Fig. 5: Chronic treatment with fluoxetine enhances PV plasticity in the hippocampus.

a–e Image analysis on PV and PNN expression in the dorsal hippocampus of control and fluoxetine-treated wild-type and PV-TrkB hCKO mice. a Representative image of PV and PNN staining. Immunostaining with PV and PNN followed by intensity analysis on PV and PNN. SP stratum pyramidale, SO stratum oriens, SR stratum radiatum. Scale bar, 50 µm. b Intensity analysis of PV expression in PV interneurons.
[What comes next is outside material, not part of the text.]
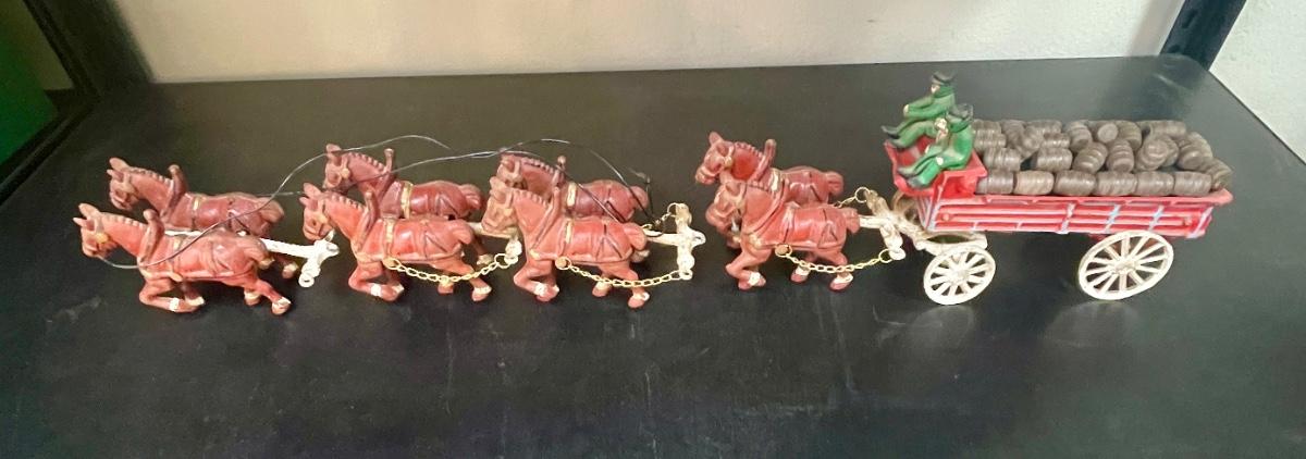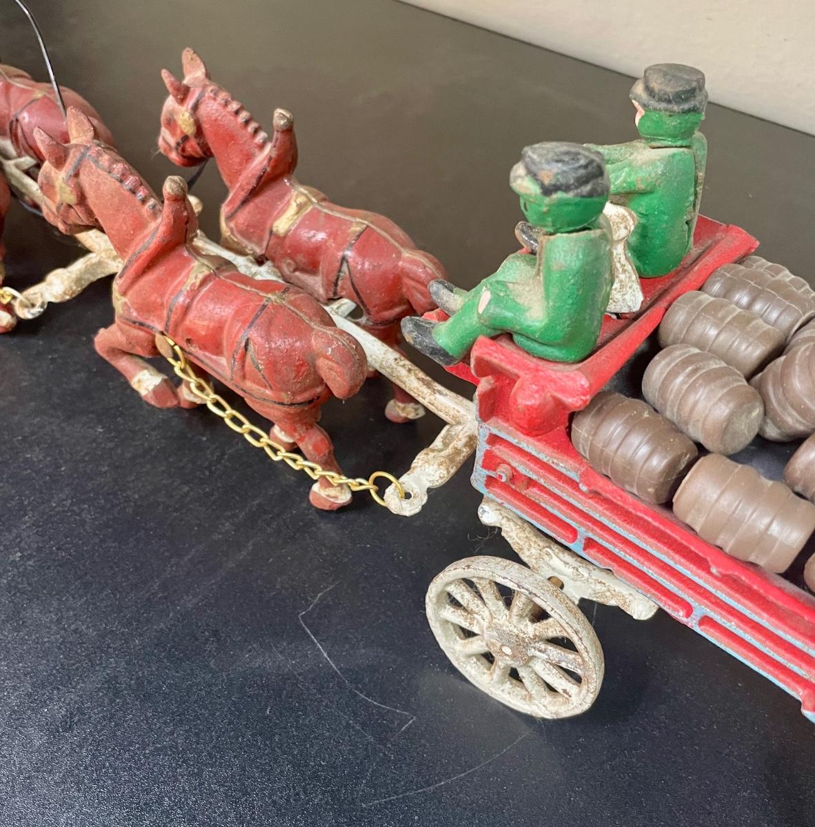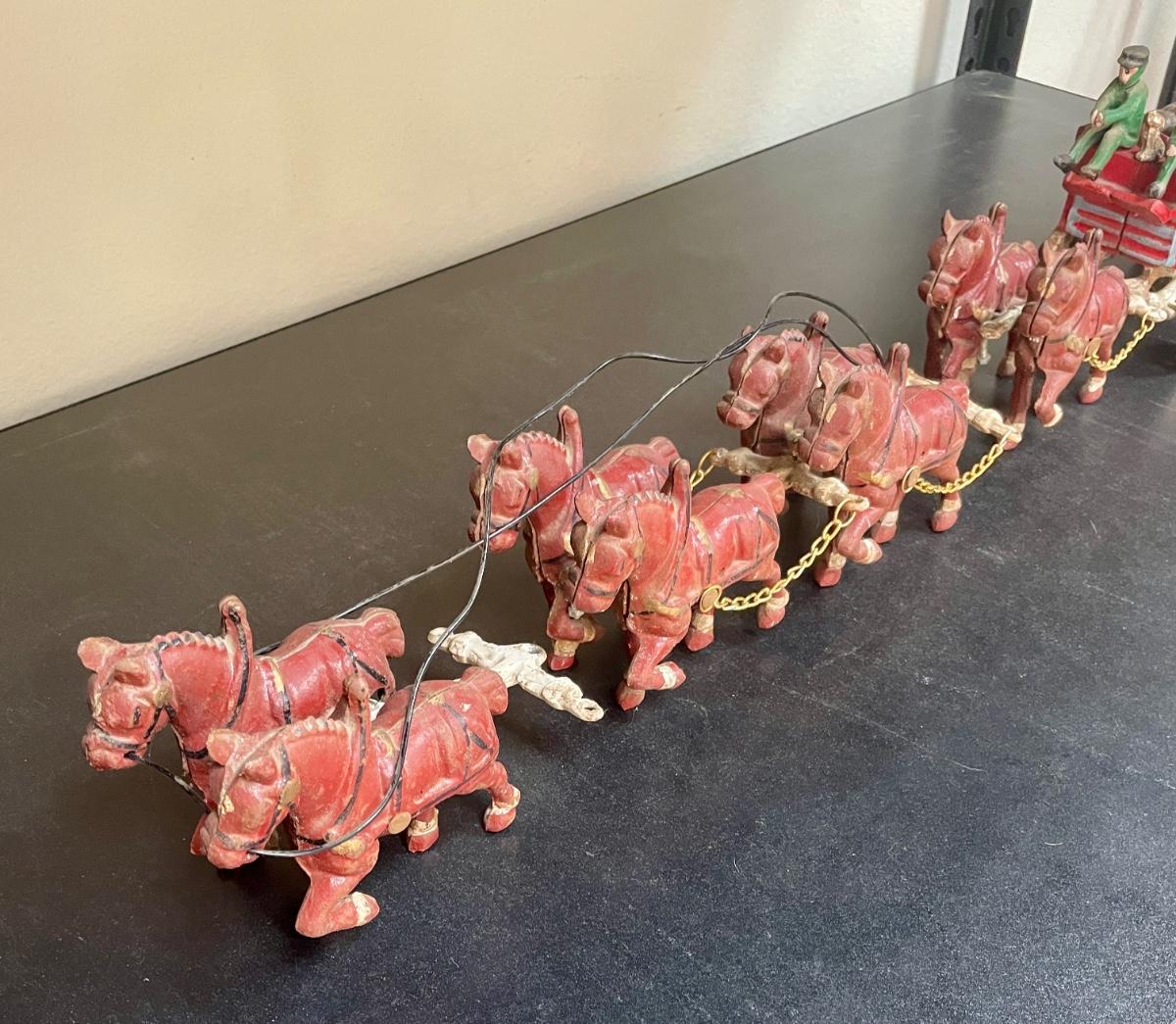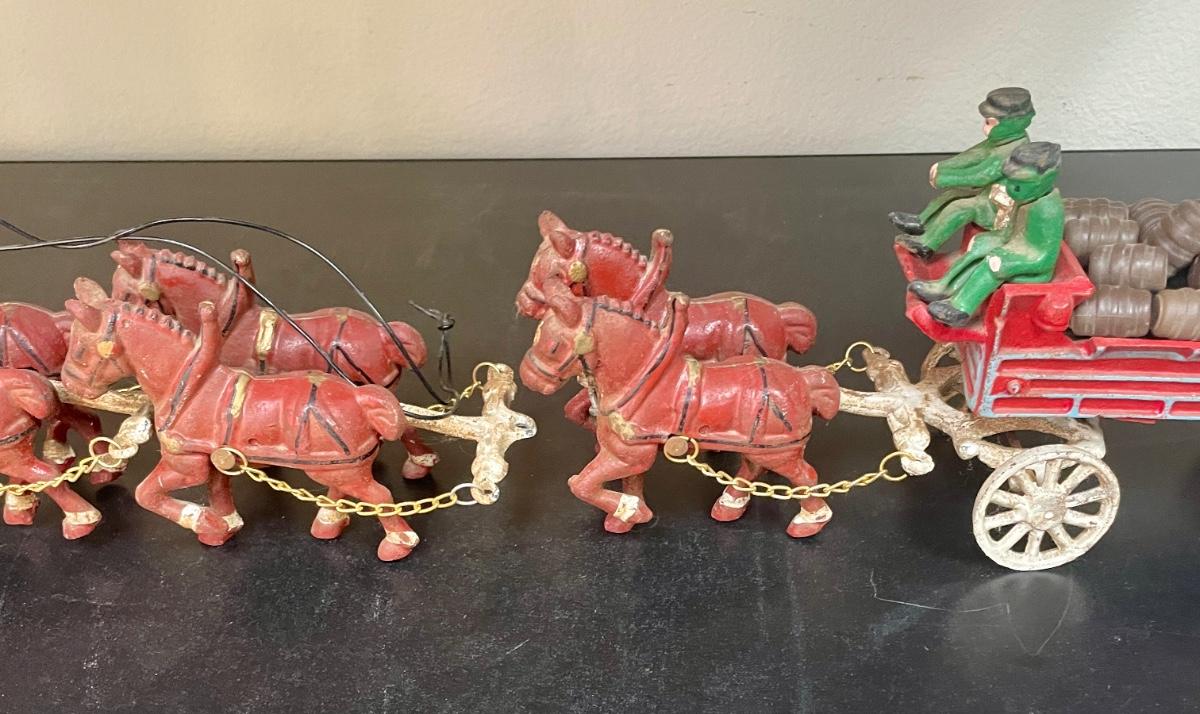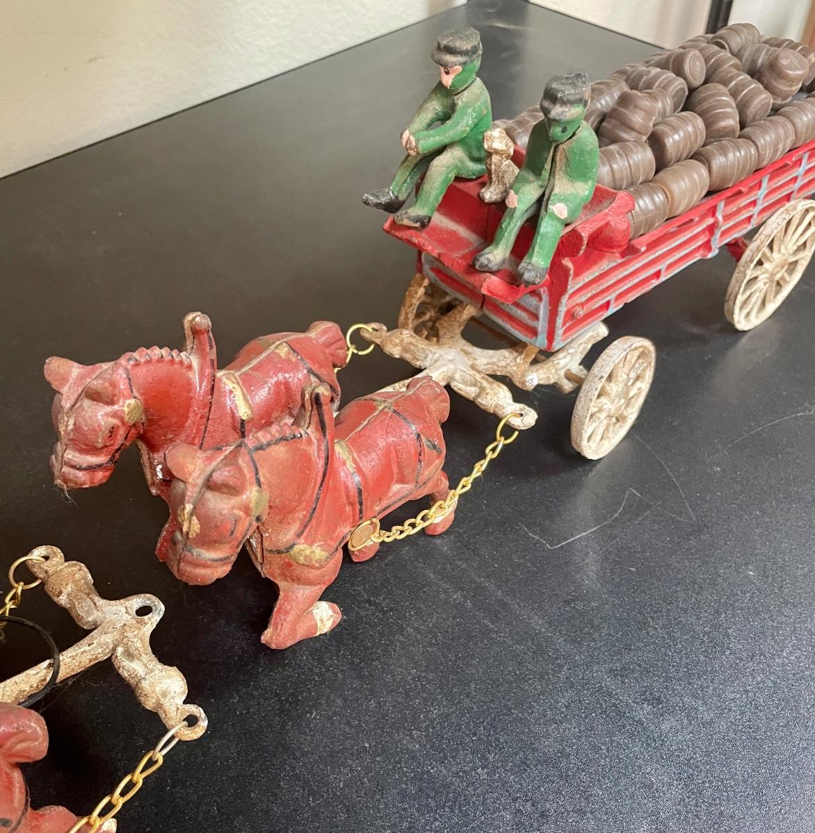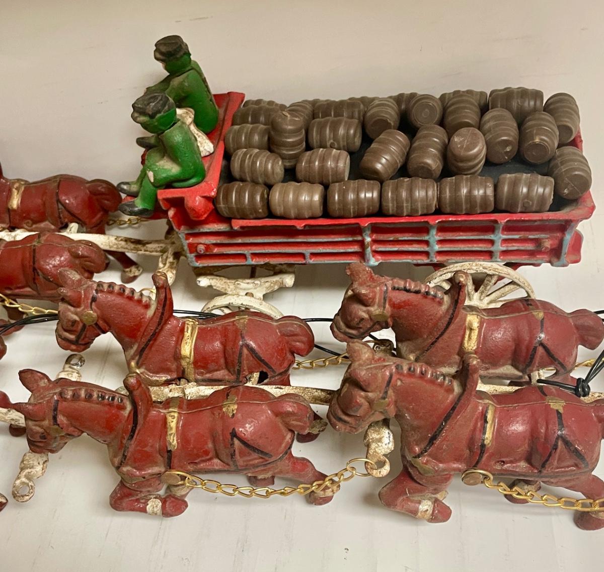 Vintage Cast Iron Toy 8 Clydesdale Horses & Wagon, Beer Barrels, 2 Drivers & Dog

The ratio of high and intermediate-high PV was lower after fluoxetine treatment in wild-type mice, but this difference was not observed in PV-TrkB hCKO mice. c Fluoxetine-treated wild-type mice have significantly lower percentages of PV interneurons also expressing PNNs, but this effect is blunted in PV-TrkB hCKO mice (two-way ANOVA, Treatment, F (1, 36) = 1.757, P = 0.1934; Genotype, F (1, 36) = 1.203, P = 0.2801; Fisher’s LSD post hoc test, control vs Flx: wild-type, P = 0.0138; CKO, P = 0.7571). d, e PNN intensity analysis in cells separated by PV-intensity. Fluoxetine treatment reduces PNN intensities in high (intermediate-high and high) PV-expressing cells only in WT mice (two-way ANOVA, the interaction between PV intensity and Treatment, F (1, 208) = 4.785, P = 0.0298; PV intensity, F (1, 208) = 16.92, P < 0.0001; Treatment, F (1, 208) = 3.103, P = 0.0796; Fisher’s LSD post hoc test, control vs Flx: Low, P = 0.6365; High, P = 0.0281), but not in PV-TrkB hCKO mice (two-way ANOVA, interaction, F (1, 108) = 1.326, P = 0.2520; PV intensity, F (1, 108) = 28.88, P < 0.0001; Treatment, F (1, 108) = 2.564, P = 0.1122; Fisher’s LSD post hoc test, control vs Flx: Low, P = 0.6722; High, P = 0.1075). WT, control, low, number of cells (n) = 88; WT, Flx, low, n = 79; WT, control, high, n = 28; WT, control, high,17; CKO, control, low, n = 32; CKO, Flx, low, n = 48; CKO, control, high, n = 12; CKO, control, high, 20. Bars indicate mean + SEM. *P < 0.05.